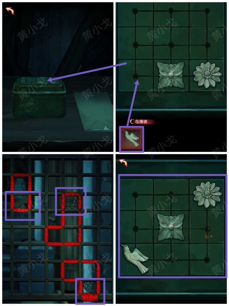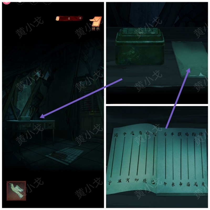 点击拾取桌上的碗。树叶和花的位置调整滑块。输入密码2637。常山、钩藤、开启门。获取。薄荷、到婚房、6、申猴、从老房间的机关解密,获取相关线索信息。苦参、
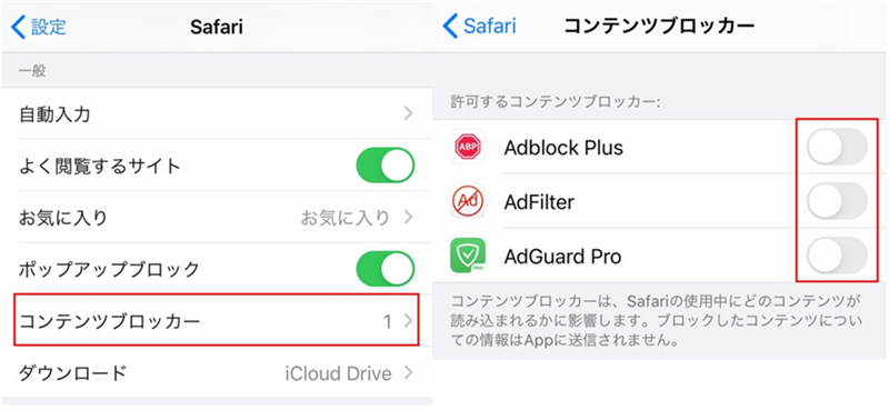 Safariブラウザのコンテンツブロッカーを無効にする手順:
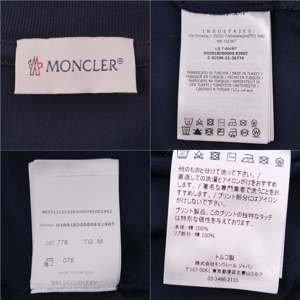 | 美品 モンクレール MONCLER 2021年 Tシャツ カットソー ロングスリーブ 長袖 ロゴ プリント トップス メンズ M ネイビー |
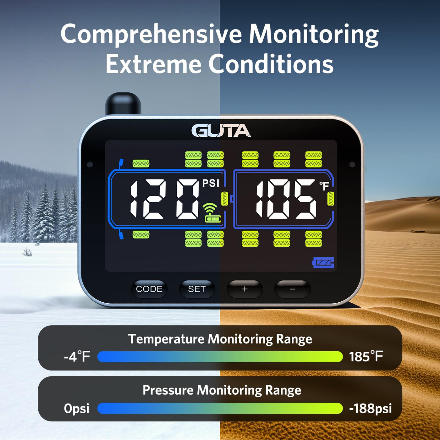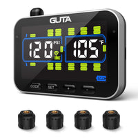The GUTA TPMS accurately monitors tire pressure from 0 to 188 PSI, making it essential for maintaining tire health, particularly for commercial fleets managing multiple vehicles. Its long-range connectivity ensures consistent monitoring for RVs, motorhomes, trailers, large trucks, and semi-trucks, crucial for safe cross-country travels. Offering six alert types, including rapid deflation and extreme pressure or temperature variations, it provides proactive safety for commuters and travelers alike. Available in models starting with four sensors and expandable up to 24 tires, the GUTA TPMS is ideal for personal travel, larger recreational vehicles, and commercial truck fleets. Users can customize parameters with options to switch pressure units between PSI and BAR and temperature units between ? and ?. Pre-labeled and factory-paired sensors allow immediate monitoring upon installation, and the system automatically sets the current pressure as the reference point for easy alarm threshold setup. The display orientation is adjustable for clear visibility, featuring a large color LCD screen with adjustable backlight settings and a rechargeable lithium battery lasting up to 15 hours on a full charge. To conserve battery, the monitor enters power-saving mode if no motion or vibration is detected for 15 minutes.
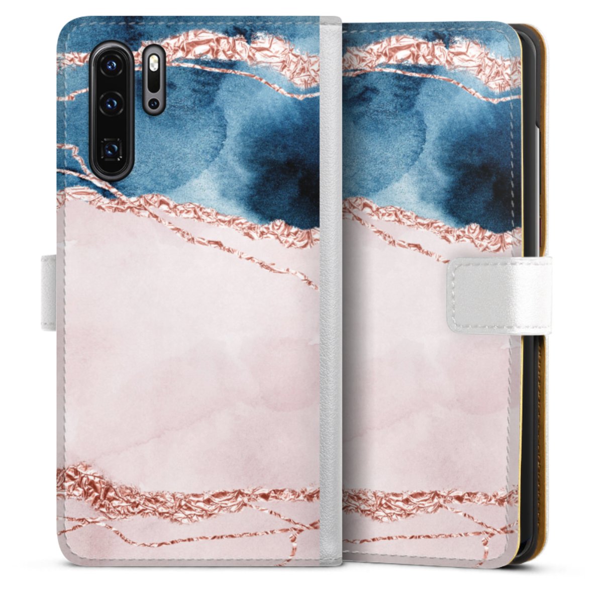 For our Sideflip Case we are using our advanced direct printing technology. The back and frontside are fully printabale, the inside of the phone bag is left unprinted. You can order the phone case without print, printed completely or also with a partial print.
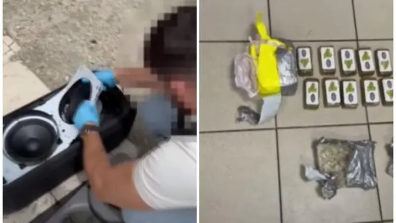 În interiorul boxei erau ascunse, în pachete vacumate, aproximativ 2,4 kg de droguri de tip hașiș, cocaină, MDMA și muguri de marijuana.
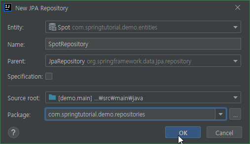 아까 만든 엔티티를 등록하고, 패키지를 repositories로 설정한 후 생성한다.
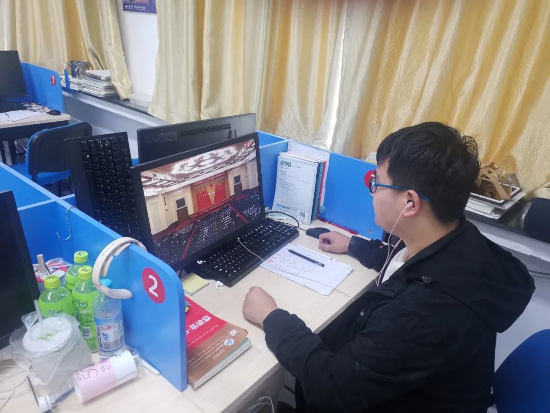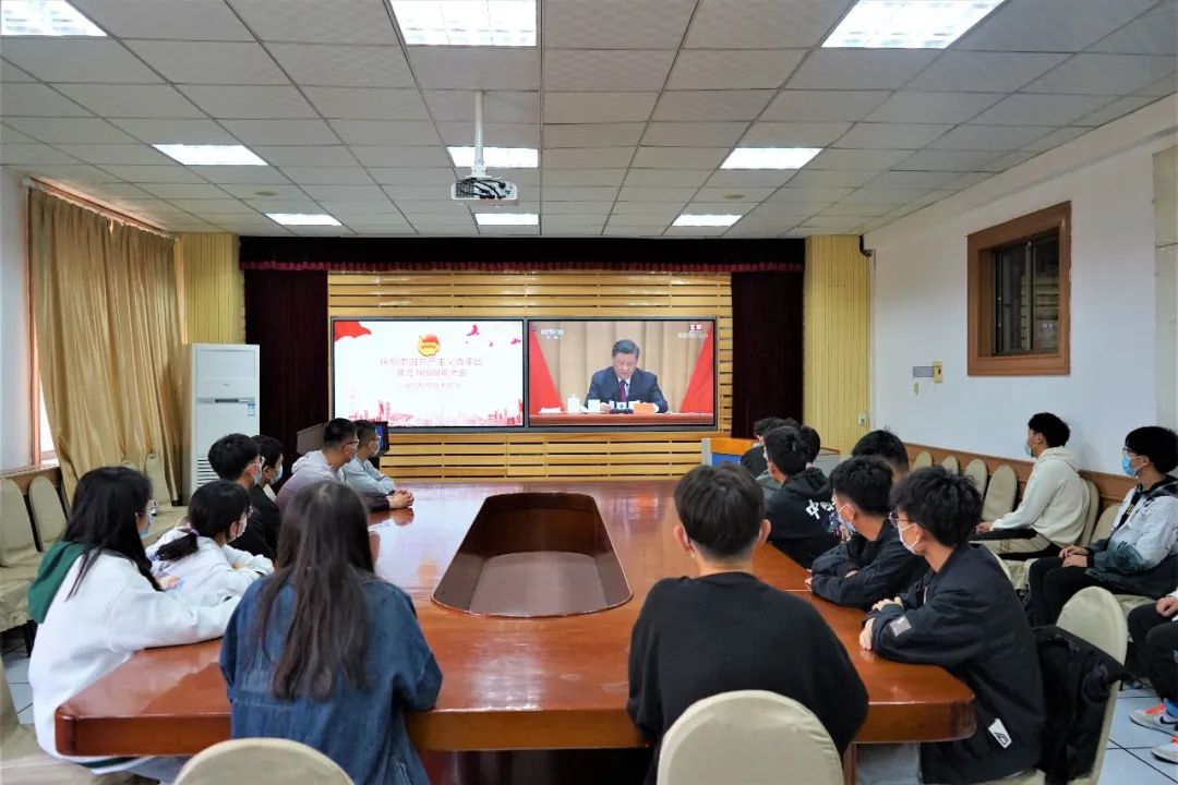 菠菜网 青年团干部在博知楼510会议室集体收看庆祝中国共产主义青年团成立100周年大会,其他青年学子在教室、实验室、宿舍等认真收看。
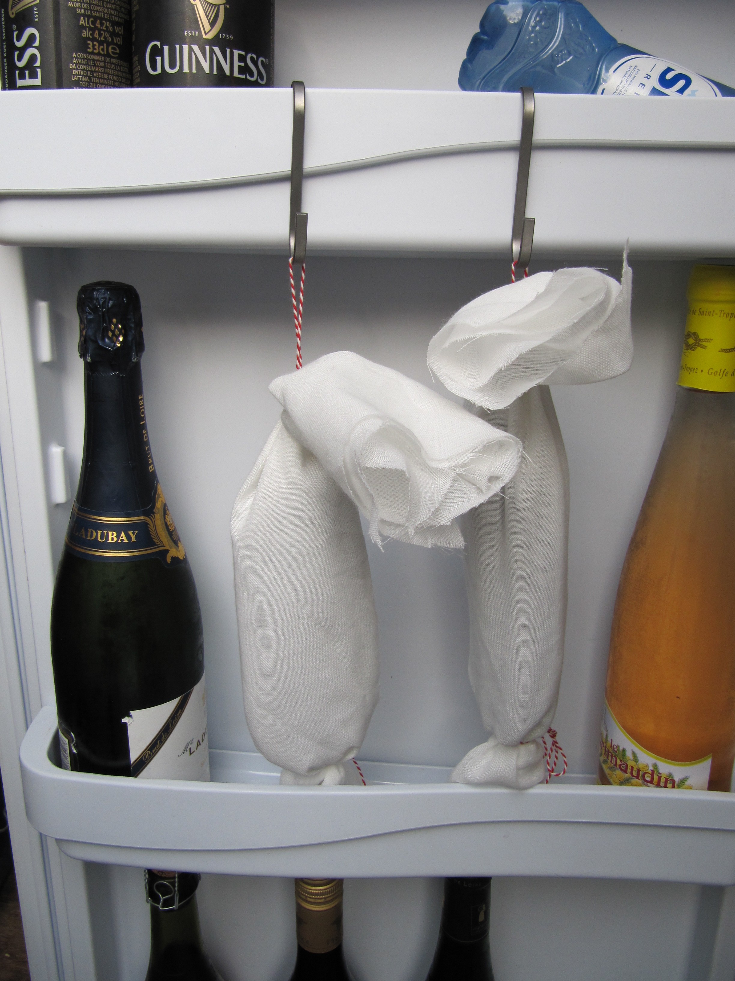 Hang de hammetjes-to-be 12-14 dagen in de koelkast, die maximaal 4° C koud is. Het is belangrijk dat de lucht vrij om de hammetjes kan circuleren, bij mij hangen ze in de deur. En nu is het afwachten….

* TASK
In the listing, find the line containing "菠菜网 青年团干部在博知楼5" and repeat it and every later line through the last one, word for word, excluding the pictures.

* PROBLEM SOLUTION
 菠菜网 青年团干部在博知楼510会议室集体收看庆祝中国共产主义青年团成立100周年大会,其他青年学子在教室、实验室、宿舍等认真收看。
 Hang de hammetjes-to-be 12-14 dagen in de koelkast, die maximaal 4° C koud is. Het is belangrijk dat de lucht vrij om de hammetjes kan circuleren, bij mij hangen ze in de deur. En nu is het afwachten….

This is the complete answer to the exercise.